There are many nuances to the definition of damages in merger agreements: Should they be net of insurance proceeds? Should tax impacts be taken into account? One issue that can have a significant impact on damages calculations and is often less than clear is the calculation of loss related to a misstatement of financial statements.
Parties should define in the merger agreement how such damages are to be calculated.
Sellers will typically assume that if there was a mistake in the financial statements, the amount of damages would be equal to the amount of any misstatement. For example, if the income statement understated revenue by $250,000, a seller might assume this would be the amount of a possible indemnification claim.
Buyers, on the other hand, will sometimes make the argument that they determined the purchase price based on some multiple of revenues or EBITDA, and if the applicable variable has been misstated, the amount of loss must be equal to that misstatement times the multiplier. In other words, if a hypothetical buyer is willing to pay 10X revenue and revenue is misstated by $1 million, then the amount of the buyer’s alleged loss is $10 million, because that is how much less the buyer would have paid for the business had the misstatement been identified prior to closing.
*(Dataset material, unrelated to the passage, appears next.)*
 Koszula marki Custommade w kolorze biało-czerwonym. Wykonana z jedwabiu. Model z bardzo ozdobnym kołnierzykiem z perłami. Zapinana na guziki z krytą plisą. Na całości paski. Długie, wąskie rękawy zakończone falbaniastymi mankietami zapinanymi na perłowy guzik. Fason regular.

The buyer’s position puts the sellers in a very difficult spot. In many cases, the selling shareholders may not even be aware of the buyer’s original methodology for determining purchase price. Even if they were aware that the buyer’s pricing was determined by applying a multiplier, they also recognize that many other variables were likely at play during the negotiation that impacted price. The final purchase price is often based on projected future revenues (rather than past revenues included in the financial statements in question), strategic or synergistic analyses and/or the outcome of a competitive bidding situation. Therefore, when sellers hear the argument from a buyer that they paid a multiple of some variable and want that to be the basis of damages, the sellers often are unable to confirm whether such claim is legitimate.
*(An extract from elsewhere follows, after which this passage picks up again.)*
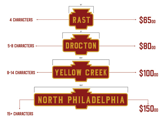 Pennsylvania Railroad Wood Keystone Station Sign 1/2 Scale. Customizable Condensed Lettering

To avoid this risk, the parties should define in the merger agreement how such damages are to be calculated. If they want to limit the damages to the amount of any misstatement, then including language, such as the following is advisable:
Notwithstanding anything herein to the contrary, no party shall be liable to the other for any consequential, special, incidental, exemplary, or punitive damages or for diminution in value, lost profits or lost business opportunity that arise out of or relate to this Agreement or any liability or responsibility assumed or retained hereunder.
If buyers insist on an ability to seek to recover diminution in value and/or lost profits, sellers should nonetheless seek to make it clear that the damages are not subject to a multiplier with language such as the following:
The Indemnified Parties shall not use “multiple of profits” or “multiple of cash flow” or any similar valuation methodology in calculating the amount of any Losses in the nature of “lost profits” or “diminution in value.”
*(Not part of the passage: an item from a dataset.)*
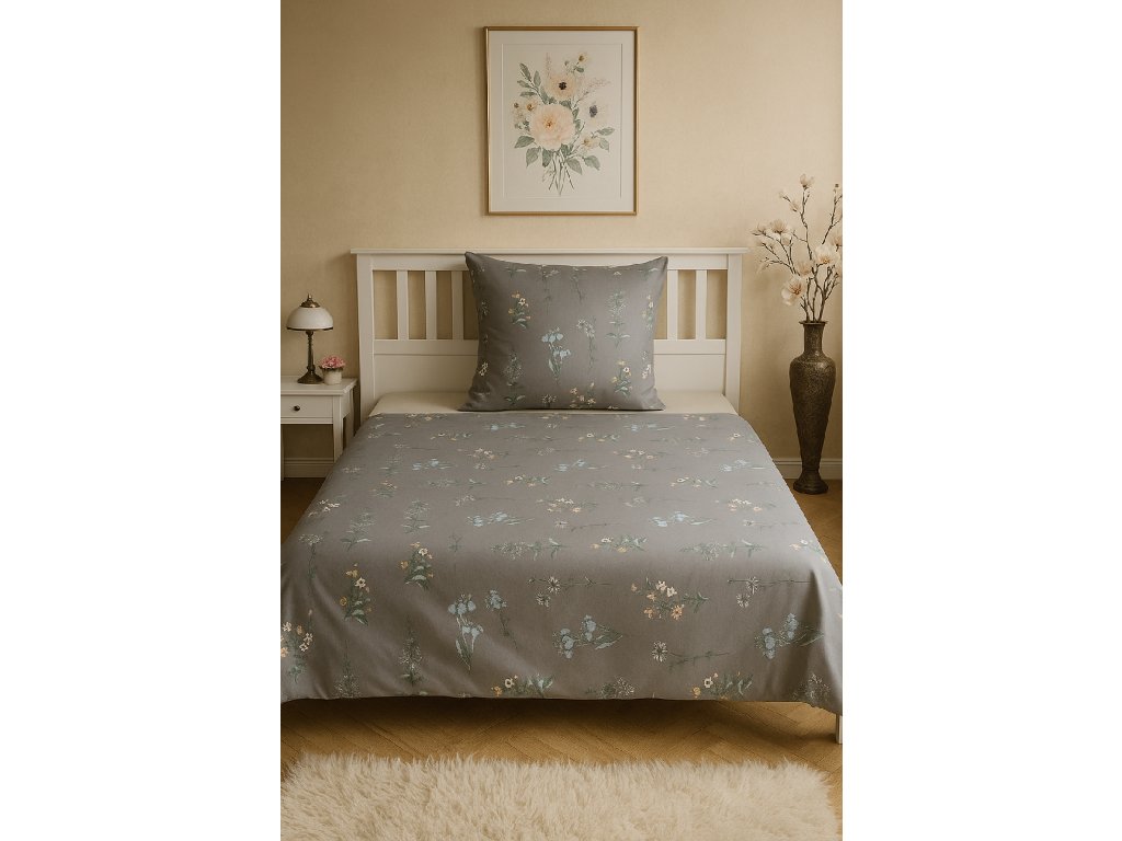 Bavlněné povlečení, jednolůžko - Luční kvítí šedé

Alternatively, if the calculation of damages for financial misstatements is to be multiplied by something, make that clear. SRS Acquiom suggests language such as:
The parties agree that the purchase price was based in significant part on the Seller’s Financial Statements. In the event of any Misstatement that impacts Net Income or Shareholder Equity, the amount of damages for which the Buyer shall be entitled to indemnification shall be equal to the amount of such Misstatement multiplied by Z.
Either way, parties should have this discussion prior to closing and make agreements clear in the documents.